L’étrange duo qui le lit aujourd’hui à Donald Trump et sa politique spectacle (qui a été parfois comparée à celle de Ronald Reagan) n’est donc pas sans évoquer cette époque. Si les épidémies de Sida et de Covid-19 n’ont rien de comparable, on assista aux Etats-Unis à la même défiance du pouvoir politique vis-à-vis de la science, à des emportements populaires inquiétants et finalement à un revirement de la Maison Blanche, notamment grâce à l’influence de l’intelligence et de l’habileté d’Anthony Fauci. Assistera-t-on demain à une évolution semblable ? Donald Trump semble osciller vis-à-vis d’Anthony Fauci entre la haine la plus franche et l’admiration respectueuse. N’hésitant pas à retweeter certains messages appelant à la démission du patron des NIAID et refusant d’entendre les nombreuses mises en garde d’Anthony Fauci (par exemple sur l’hydroxychloroquine), Donald Trump ne cède cependant pas à la tentation du limogeage et continue au contraire d’accepter que très régulièrement, avec son accent rocailleux et son ton calme, Anthony Fauci corrige en public ses inexactitudes.
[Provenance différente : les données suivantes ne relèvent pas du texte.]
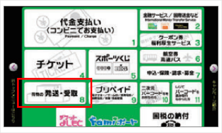 1.Famiポートのメニュー「配送サービス」を選択します。
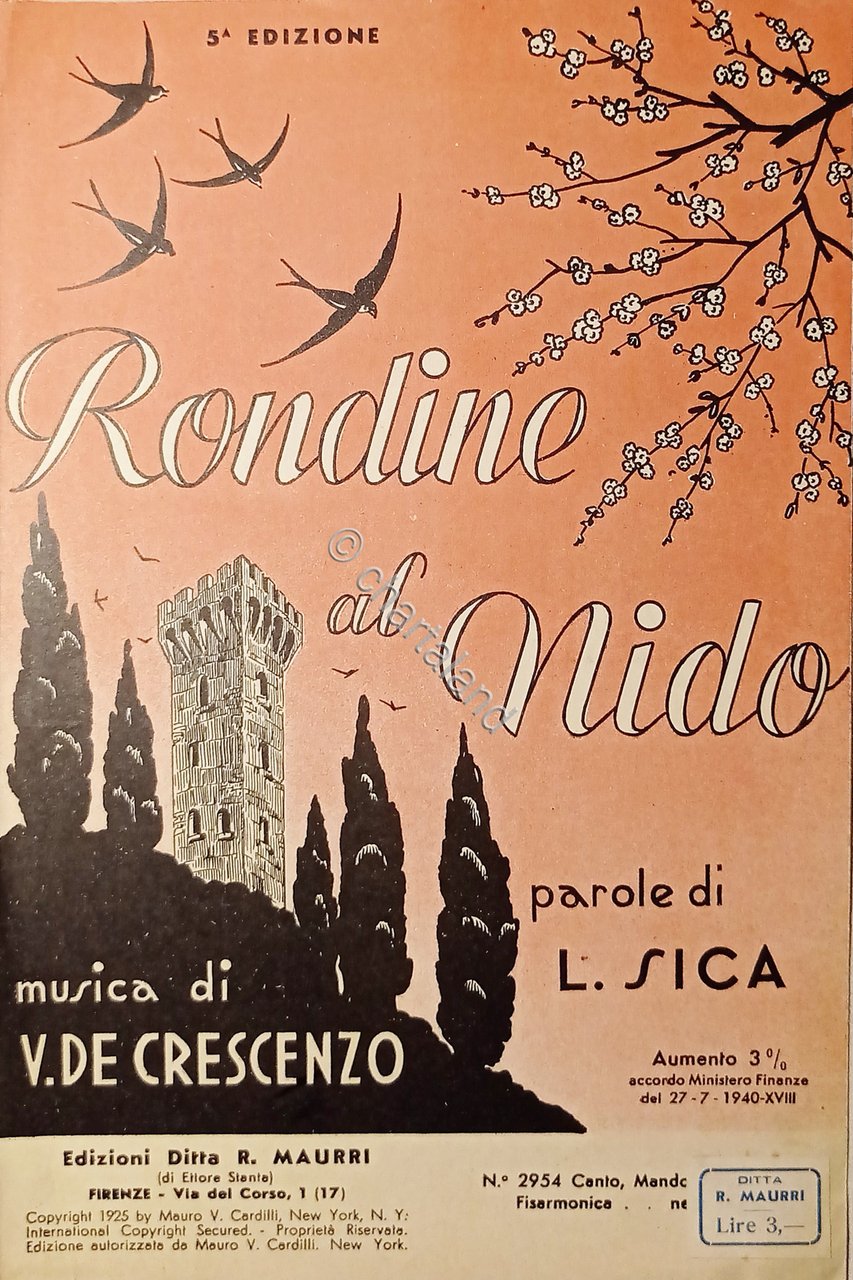 Spartiti - Rondini al Nido di L. Sica e V. De Crescenzo - 1941

Ainsi, quand le Président des Etats-Unis fanfaronne en affirmant qu’un vaccin sera disponible dans quelques mois, Anthony Fauci rectifie en soulignant qu’un vaccin disponible dans un peu plus d’un an serait un exploit.

Le fond et le fond

De cette rivalité mise en scène quotidiennement, Anthony Fauci parle peu et préfère assurer qu’elle relève plutôt d’une question de forme. Le président « s’exprime d’une manière que je n’aurai pas choisie parce qu’elle peut créer des incompréhensions sur les faits », mais « sur les sujets d’importance, il m’écoute », a-t-il ainsi récemment déclaré. Une tournure et une assurance tranquille qui caractérisent probablement le docteur Fauci. 

Entre deux feux

Ce dernier n’ignore pas cependant qu’au-delà de ces différents qui demeurent toujours officiellement courtois avec le Président, une petite partie des partisans de Donald Trump attisent la haine contre lui, notamment sur les réseaux sociaux. La violence de certains messages est telle que la Maison Blanche a dû renforcer sa sécurité. Ces turbulences affectent peu Anthony Fauci comme il se montre également assez stoïque et détaché vis-à-vis parallèlement de la Faucymania qui a également enflammé la toile. Tasses à son effigie, messages énamourés : cet engouement est allé jusqu’au lancement d’une pétition voulant faire de lui « l’homme le plus sexy de 2020 ». Une initiative qui a valu au Dr Fauci ce commentaire : « Où étiez-vous quand j’avais 30 ans ? ».

Un laboratoire qu’il n’a plus quitté

Quand il avait 30 ans, Anthony Fauci, né à Brooklyn dans Little Italy, se souvenait sans doute de l’époque où il livrait à vélo des médicaments pour la pharmacie de ses parents. A 30 ans, jeune médecin, il vient d’entrer au NIH et participe à des travaux qui lui valent d’être nommé responsable du laboratoire d’immunorégulation en 1980. Au sein de cet institut, l’homme au mille publications, conduira des travaux essentiels sur la physiopathologie du Sida, après avoir travaillé sur la périartérite noueuse ou la granulomatose de Wegener.

En marche !

Parallèlement à cette importante carrière de chercheur, auprès des responsables politiques, Anthony Fauci sera également une figure incontournable pendant quatre décennies, se caractérisant par un discours clair. L’un des secrets de cette parole toujours limpide est son amour pour la marche et la course à pied. Celui qui ne compte pas ses heures de travail et a dû délaisser pour faire face à la crise actuelle ses hobbies préférés n’a cependant jamais sacrifié sa passion pour la course. Dans les années quatre-vingt, il profitait ainsi de sa pause déjeuner pour avaler plusieurs kilomètres et expliquait : « Sortir pour battre le pavé, écouter les oiseaux et sentir l’odeur de l’herbe coupée, permet de se régénérer pour mener ses recherches avec plus d’efficacité ». Celui qui a participé au marathon de New-York n’a donc pas, contrairement à d’autres, attendu le confinement pour se convertir au jogging. Il y voit une dynamique aussi importante pour le corps que pour l’esprit. « Le marathon vous apprend la résistance et à pousser les limites. Ce sont des leçons que j’ai pu ensuite appliquer dans mon métier, mais aussi avec les hommes politiques » défend-t-il.

Une façon en effet de rester toujours dans la course.